Reproduce verbatim the lines of the material below, starting at the line with "近日,今年会举办的2022年" and ending at the line with "Müşterilerimizin %86’sı, sunduğumuz", both inclusive; skip the rest.

- MATERIAL SHOWN:
▼▼▼
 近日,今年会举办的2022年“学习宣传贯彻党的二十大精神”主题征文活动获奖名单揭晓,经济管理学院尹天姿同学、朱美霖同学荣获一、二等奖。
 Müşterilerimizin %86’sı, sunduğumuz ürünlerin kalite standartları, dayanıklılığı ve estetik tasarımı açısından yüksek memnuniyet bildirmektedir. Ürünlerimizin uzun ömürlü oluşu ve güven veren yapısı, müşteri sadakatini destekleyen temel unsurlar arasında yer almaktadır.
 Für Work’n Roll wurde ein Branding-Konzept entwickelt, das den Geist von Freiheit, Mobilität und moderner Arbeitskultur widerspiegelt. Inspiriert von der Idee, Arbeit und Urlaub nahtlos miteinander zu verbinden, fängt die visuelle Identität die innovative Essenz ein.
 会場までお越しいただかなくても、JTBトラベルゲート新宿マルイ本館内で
▲▲▲
▼▼▼
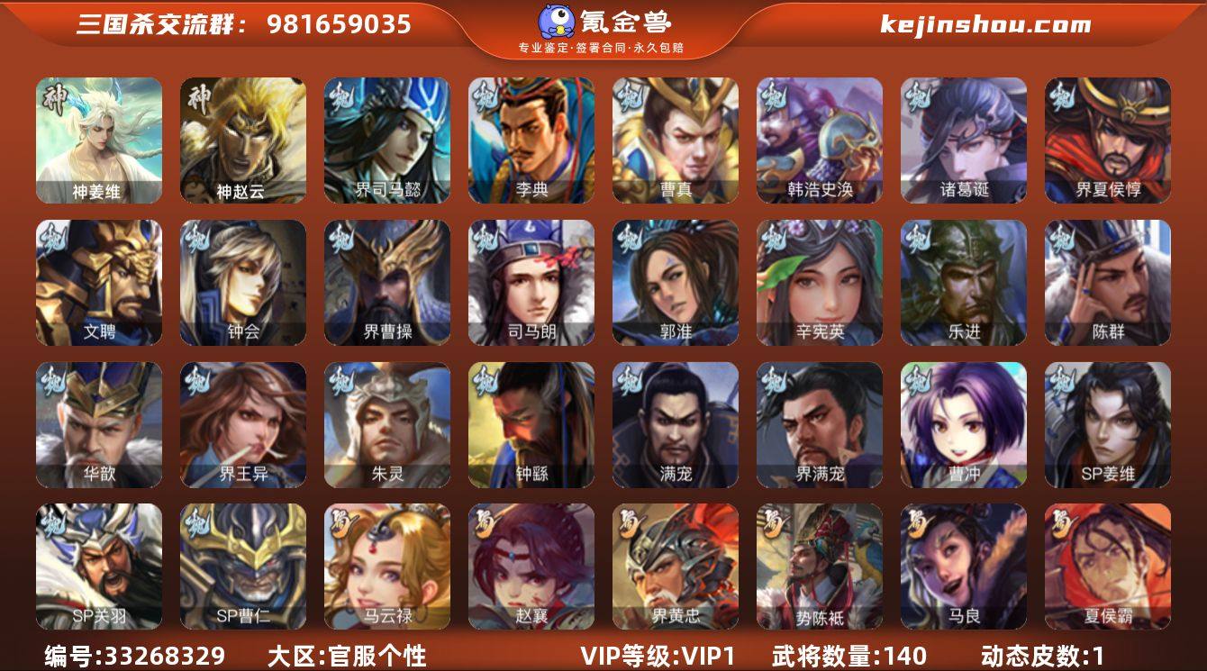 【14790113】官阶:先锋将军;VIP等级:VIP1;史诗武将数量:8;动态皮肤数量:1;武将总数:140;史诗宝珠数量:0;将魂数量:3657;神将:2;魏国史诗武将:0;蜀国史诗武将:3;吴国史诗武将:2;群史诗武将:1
▲▲▲
- YOUR SOLUTION:
 近日,今年会举办的2022年“学习宣传贯彻党的二十大精神”主题征文活动获奖名单揭晓,经济管理学院尹天姿同学、朱美霖同学荣获一、二等奖。
 Müşterilerimizin %86’sı, sunduğumuz ürünlerin kalite standartları, dayanıklılığı ve estetik tasarımı açısından yüksek memnuniyet bildirmektedir. Ürünlerimizin uzun ömürlü oluşu ve güven veren yapısı, müşteri sadakatini destekleyen temel unsurlar arasında yer almaktadır.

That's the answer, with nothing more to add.